Professional ratings
Review scores
| Source | Rating |
| AllMusic | Star Half star |

==Commercial performance==
The album debuted at No. 4 on the Top Country Albums chart, and No. 18 on the Billboard 200, selling 18,536 copies in its first week.
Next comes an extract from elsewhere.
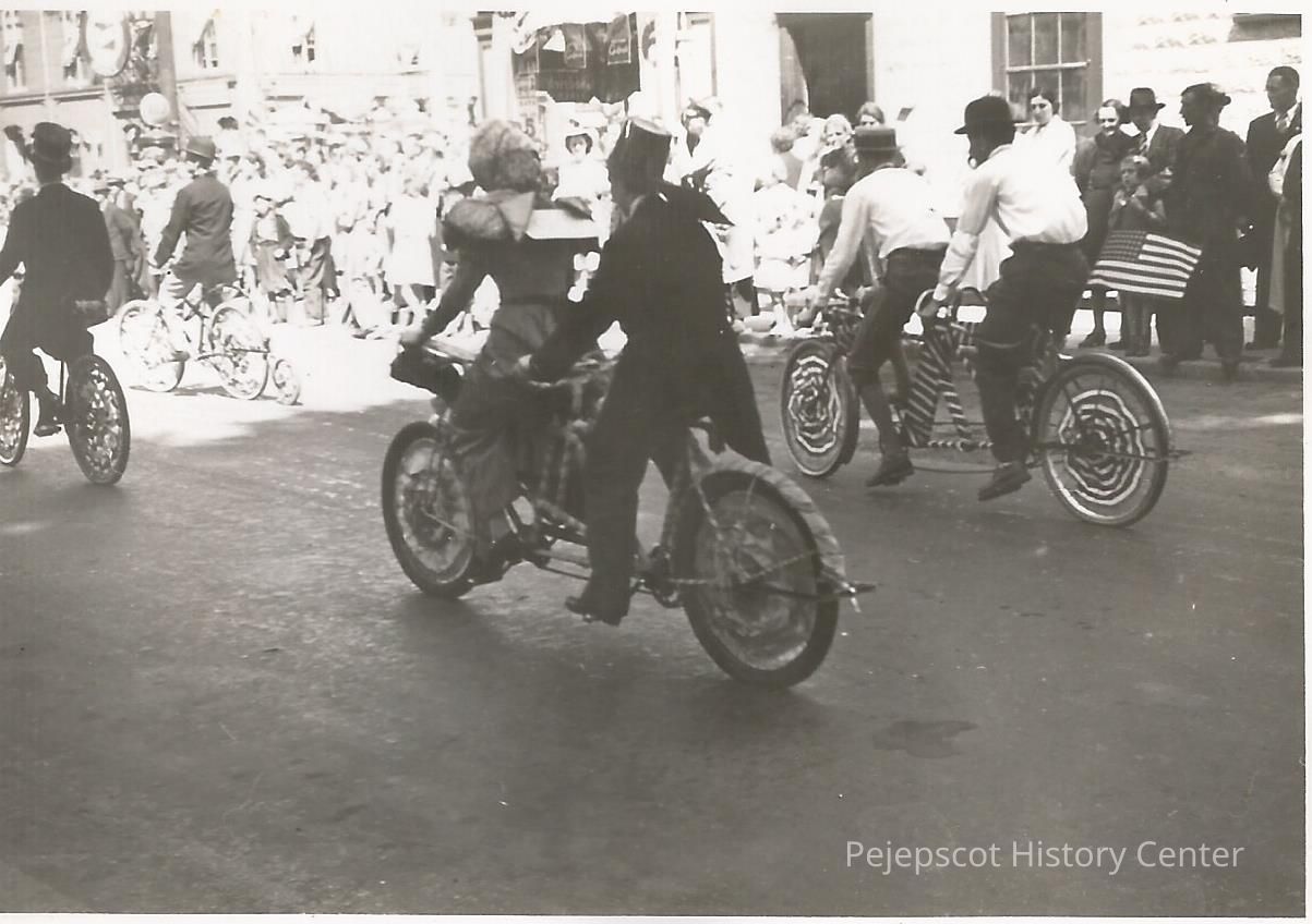 A B/W photo of a "bicycle built for two" group in Brunswick's 200th Anniversary parade. Undated

The album has sold 117,100 copies in the US as of March 2017.

==Track listing==

| No. | Title | Writer(s) | Length |
|---|---|---|---|
| 1. | "Buy Me a Boat" | Chris DuBois | 2:59 |
| 2. | "Power of Positive Drinkin'" | DuBois; Mark Irwin; | 3:30 |
| 3. | "Under the Sun" | Casey Beathard; Ed Hill; | 3:26 |
| 4. | "Holdin' Her" | James Otto | 4:05 |
| 5. | "Messin' with Jesus" (featuring Tim McGraw) | Kelly Roland; Pavel Dovgalyuk; | 3:06 |
| 6. | "Right in the Middle" | Brandon Kinney; Justin Wilson; | 2:23 |
| 7. | "Save a Little Sugar" | DuBois; Jim Beavers; | 3:02 |
| 8. | "Back in My Drinkin' Days" | Ken Johnson | 2:44 |
| 9. | "Where You Come In" | Hill | 3:17 |
| 10. | "Yeah It Is" | Ken Wright | 3:18 |
| 11. | "White Trash" | Beathard | 3:47 |

==Personnel==
Adapted from Buy Me a Boat liner notes.

===Musicians===
- Brent Anderson - acoustic guitar (all tracks except 4), background vocals (all tracks except 3), synthesizer (2), bouzouki (11)
- David Dorn - Hammond B-3 organ (2, 7, 11), keyboards (2, 3, 4, 5, 6, 9, 10), synthesizer (7), piano (8), Wurlitzer electric piano (11)
- Shannon Forrest - drums (4, 5, 9), programming (9)
- Byron Gallimore - acoustic guitar (9)
- Chris Janson - lead vocals (all tracks), acoustic guitar (4), harmonica (8)
- Troy Lancaster - electric guitar (3, 4, 5, 6, 9, 10)
- Tony Lucido - bass guitar (all tracks)
- Fred Newell - steel guitar (3, 6, 8, 10)
- Justin Ostrander - electric guitar (1, 2, 7, 11)
- Russ Pahl - Jew's harp (7), steel guitar (8)
- Ben Phillips - drums (except 4, 5, 9), programming (2, 7)
- Jeff Roach - synthesizer (1, 2)
- Justin Schipper - steel guitar (4, 5, 9)
- Will Weatherly - programming (1, 2, 7)
- Derek Wells - electric guitar (3, 6, 8, 10)

===Technical===
- Tracks 1, 2, 7, 8, 11
- Brent Anderson - producer
- Jeff Balding - recording
- Matt Coles - assistant
- Chris DuBois - producer
- Chris Janson - producer
- Scott Johnson - production assistant
- Ben Phillips - recording, digital editing, mixing
- Will Weatherly - digital editing

- Tracks 3–6, 9, 10
- Stephen Allbritten - assistant (3, 4, 6, and 10 only)
- Jake Burns - assistant (4, 5, and 9 only)
- Byron Gallimore - producer, mixing
- Julian King - recording
- Erik Lutkins - additional recording (3, 4, 6, and 10 only)
- Ernesto Olivera - assistant (3, 6, and 10 only)

- All tracks
- Adam Ayan - mastering
- Eric Brown - photography
- Katherine Petillo - art direction, design
- Shane Tarleton - creative director

==Charts==

===Weekly charts===

| Chart (2015) | Peak position |
|---|---|
| US Billboard 200 | 18 |
| US Top Country Albums (Billboard) | 4 |

===Year-end charts===

| Chart (2016) | Position |
|---|---|
| US Top Country Albums (Billboard) | 35 |

==Certifications==

| Region | Certification | Certified units/sales |
| United States (RIAA) | Gold | 500,000^{‡} |
^{‡} Sales+streaming figures based on certification alone.